This is an interface change. When doing
echo N > /proc/sys/vm/dirty_ratio
where N < 5, the old behavior is pretend to accept the value, while
the new behavior is to reject it explicitly with -EINVAL. This will
possibly break user space if they checks the return value.
Currently global_dirty_limits() applies a low bound of 5% for
vm_dirty_ratio. This is not very user visible -- if the user sets
vm.dirty_ratio=1, the operation seems to succeed but will be rounded up
to 5% when used.
Another problem is inconsistency: calc_period_shift() uses the plain
vm_dirty_ratio value, which may be a problem when vm.dirty_ratio is set
to < 5 by the user.
CC: Peter Zijlstra <[email protected]>
Signed-off-by: Wu Fengguang <[email protected]>
---
kernel/sysctl.c | 3 ++-
mm/page-writeback.c | 10 ++--------
2 files changed, 4 insertions(+), 9 deletions(-)

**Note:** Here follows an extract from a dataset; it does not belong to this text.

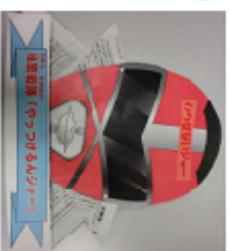
わらせないビジャー
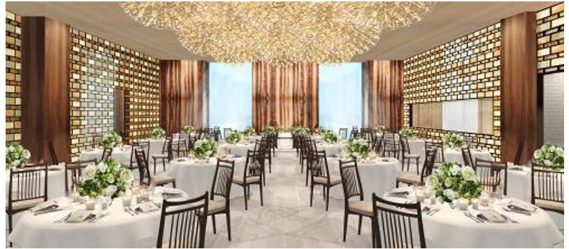
▲アンティークガラスの壁面やオープンキッチンを併設した110名着席できるパーティ会場/完成予想図

--- linux-next.orig/kernel/sysctl.c 2010-08-05 22:48:34.000000000 +0800
+++ linux-next/kernel/sysctl.c 2010-08-05 22:48:47.000000000 +0800
@@ -126,6 +126,7 @@ static int ten_thousand = 10000;
/* this is needed for the proc_doulongvec_minmax of vm_dirty_bytes */
static unsigned long dirty_bytes_min = 2 * PAGE_SIZE;
+static int dirty_ratio_min = 5;
/* this is needed for the proc_dointvec_minmax for [fs_]overflow UID and GID */
static int maxolduid = 65535;
@@ -1031,7 +1032,7 @@ static struct ctl_table vm_table[] = {
.maxlen = sizeof(vm_dirty_ratio),
.mode = 0644,
.proc_handler = dirty_ratio_handler,
- .extra1 = &zero,
+ .extra1 = &dirty_ratio_min,
.extra2 = &one_hundred,
},
{
--- linux-next.orig/mm/page-writeback.c 2010-08-05 22:48:42.000000000 +0800
+++ linux-next/mm/page-writeback.c 2010-08-05 22:48:47.000000000 +0800
@@ -415,14 +415,8 @@ void global_dirty_limits(unsigned long *
if (vm_dirty_bytes)
dirty = DIV_ROUND_UP(vm_dirty_bytes, PAGE_SIZE);
- else {
- int dirty_ratio;
-
- dirty_ratio = vm_dirty_ratio;
- if (dirty_ratio < 5)
- dirty_ratio = 5;
- dirty = (dirty_ratio * available_memory) / 100;
- }
+ else
+ dirty = (vm_dirty_ratio * available_memory) / 100;
if (dirty_background_bytes)
background = DIV_ROUND_UP(dirty_background_bytes, PAGE_SIZE);
> Subject: writeback: explicit low bound for vm.dirty_ratio
> From: Wu Fengguang <[email protected]>
> Date: Thu Jul 15 10:28:57 CST 2010
>
> Force a user visible low bound of 5% for the vm.dirty_ratio interface.
>
> This is an interface change. When doing
>
> echo N > /proc/sys/vm/dirty_ratio
>
> where N < 5, the old behavior is pretend to accept the value, while
> the new behavior is to reject it explicitly with -EINVAL. This will
> possibly break user space if they checks the return value.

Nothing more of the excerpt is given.